Chicken Littles heading for a headache

Don’t you tire of the Chicken Littles predicting doom and gloom that the commodity cycle has to have ended and hence the “sky has to fall” or in this case, commodity prices have to collapse back to historically low levels ?

Well it appears that the Chicken Littles are heading for a headache from lost opportunities. Take nickel, I recently read yet another prediction of nickel having to fall US$5.50/lb (US$12,120/t) within about 3 years. Well, in August/September 2006, Xstrata did not pay US$17bn to acquire the remainder of Falconbridge (thus valuing Falconbridge at US$21bn) or CVRD pay US$14bn for INCO - two of the last major world producers of nickel because they expect the nickel price to fall - they expect to make serious mega profits.

We (ERA) have recently completed a report on Sally Malay (SMY, released on 5 October 2006), which showed that the nickel price can be calculated as having averaged ~US$28,374/t in SQ06 or A$37,400/t which is about 40% higher than it was for JQ06. Which means that in SQ06, SMY may have already exceeded its after-tax profit that it reported for the year ended June 2006 of A$15.9m. Even if the nickel price falls from its current level of about US$31,000/t (US$14/lb) and averages US$25,000/t in DQ06 and US$22,000/t in JH07, SMY could realise an after-tax profit greater than A$60m just for the current financial year ending June 2007.

Minara (MRE) released their September 2006 Quarterly on 6 October, stating that they had received an average Ni price of US$29,178/t (US$13.45/lb) or A$38,533/t for SQ06 being 44% higher than their JQ06 average, with Co averaging US$15.21/lb. MRE also stated that their cash at the end of September was A$177m after paying a $58m dividend, implying that their free cashflow may have increased by A$123m just for SQ06 on the 60% attributable of the 9,200t Ni that they produced and sold in the quarter.

MRE also stated that at 30 September, the nickel price was US$31,500/t (US$14.29/lb) or A$42,220/t and Co was US$16.75/lb. At this potential earnings rate, MRE could start taking over some of the small nickel sulphide producers, if no one else does it before them.
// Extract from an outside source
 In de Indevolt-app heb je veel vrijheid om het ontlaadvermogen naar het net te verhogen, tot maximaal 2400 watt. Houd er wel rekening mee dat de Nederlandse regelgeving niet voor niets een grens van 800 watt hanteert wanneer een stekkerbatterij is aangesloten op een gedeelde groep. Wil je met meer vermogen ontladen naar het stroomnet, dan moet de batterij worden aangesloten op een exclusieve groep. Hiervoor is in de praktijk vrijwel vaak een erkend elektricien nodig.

Minara’s profits and cashflows are higher than SMY because it is unhedged. Our (ERA) estimated NPAT for SMY provides for a $66m losses due to hedging this year to June 2007 (with fortunately only $8m in FY08 if nickel averages US$15,500/t from July 2007 to June 2008). Most of the hedging that is burning the small producers came with the original financing package that resulted in the development of their mines.

The sky is literally going to fall on the small nickel producers in the form of hedging in 2006/07 and give them a headache, but fortunately after June 2007, most of their historic hedge positions will have been significantly reduced, if not almost gone.
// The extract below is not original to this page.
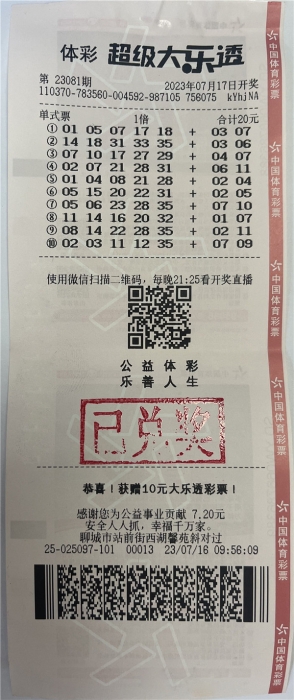 2023年7月17日,体彩大乐透第23081期开奖,开奖号码为前区05、06、23、28、35,后区07、10。当期聊城购彩者好运爆棚,“一炮双响”,喜中2注一等奖,单注奖金720万元。分别由东昌府区站前街西湖馨苑小区对过体彩店以及站前街与东昌路交叉口东北角体彩店中出。

The situation at the end of June 2006, for SMY was ~6470tNi at US$11,780/t in forwards and calls deliverable by May 2008, of which possibly 4,200t at US$11,500/t (A$16,200/t at US$0.71 currency forwards) are to be delivered in the current FY to June 2007. Mincor has forwards of 4,810t Ni at US$14,180/t deliverable by June 2008, of which ~2,920t at US$13,890/t (A$18,860/t at US$0.737) are expected to be delivered in its FY to June 2007. Lastly, Independence has forwards of 6,600tNi at US$12,850/t to June 2009 of which 1,800t at US$11,800/t (A$17,335 at US$0.684) are deliverable to June 2007.

Consolidated Minerals also has some minor nickel hedging that finishes in the current year to June 2007 and in our (ERA) June 2006 report was ~1400tNi at US$17,400/t (A$24,000/t at US$0.725). Jubilee and Minara are unhedged.

Even allowing for the reduced hedging in FY2008 the potential profits for SMY (and the other producers) really are spectacular. SMY should then be mining its >4%Ni Winner orebody at Lanfranchi, and if the nickel price averages US$20,700/t, then SMY could have an after tax profit of A$110m. If the nickel price is still US$31,000/t then SMY could generate an after-tax profit of A$190m just for the year to June 2008, which was only $50m short of SMY's market cap when we released the report.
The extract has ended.